Implication for clinical practice

Nurse managers have a prominent position related to issues such as nursing workload, rationing of nursing care, job satisfaction and emotional exhaustion. Providing any intervention in these fields, will ultimately effect on the quality of nursing care. Nursing workload, which was at high level, is a major concern in this study. Some strategies such as staffing and resource adequacy assessment and hiring more nurses to increase staffing levels can be useful [58]. Moderate levels of job satisfaction and emotional exhaustion were another important finding of this study. Administering flexible work schedules, increasing monthly salary, suggesting some mental health resources, and modification of work environment may be improving nurses’ job satisfaction and decrease their emotional exhaustion.
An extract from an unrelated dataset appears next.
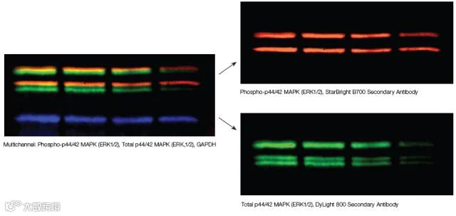 在以往的WB成像实验中,化学发光与荧光就如“鱼与熊掌”一般难以兼得。多色荧光具有优异的动态范围和定量线性,但是往往因为灵敏度不及化学发光而被诟病;化学发光具有优异的灵敏度,但是信号容易饱和、背景不均一。Bio-Rad新款ChemiDoc™ MP将两种Blot成像方法完美整合,缔造出优异的灵敏度与定量准确度。多色荧光功能让研究者可以不用Stripping和Reprobing就可以轻松的研究磷酸化蛋白等重要的信号转导过程,或涉及到多个蛋白的复杂调节过程。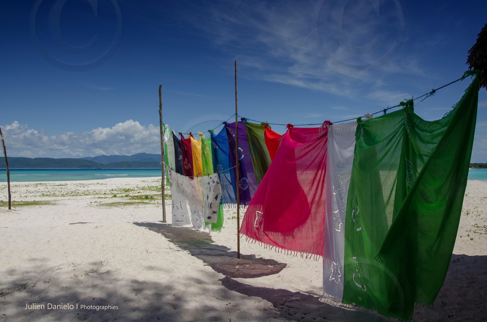 Description | Nosy Iranja - Cette île est tout simplement magnifique, située à une soixantaine de kilomètres au sud de Nosy-Be, elle est juste à côté de la Grande Terre et est constituée de deux îlots reliès par une bande sableuse. Les femmes de ce village de pêcheurs installé sur une des deux îles vivent de l'activité touristique en proposant des nappes et des paréos issus de l'artisanat malgache.. |

Regular supervision of clinical nursing care activities and provision of continuous feedback are important to ensure that essential nursing care tasks are provided and prevent any compromise of nursing care [59].

Conclusion

Despite the limitations, this study highlighted that the three variables of implicit rationing of nursing care, job satisfaction and emotional exhaustion played a mediating role in the relationship between workload and quality of nursing care. In other words, the effect of workload was applied to the quality of nursing care through these three variables. Therefore, the assumed theoretical model was approved and provided a theoretical basis for quality of nursing care. Nurse managers should pay special attention to the three mediating variables and monitor them periodically and try to solve problems in these areas. Nurse managers should be aware that support of nurses means the support of high-quality care of the patients and overlooking the issues and problems of nurses will have negative effect on the patients.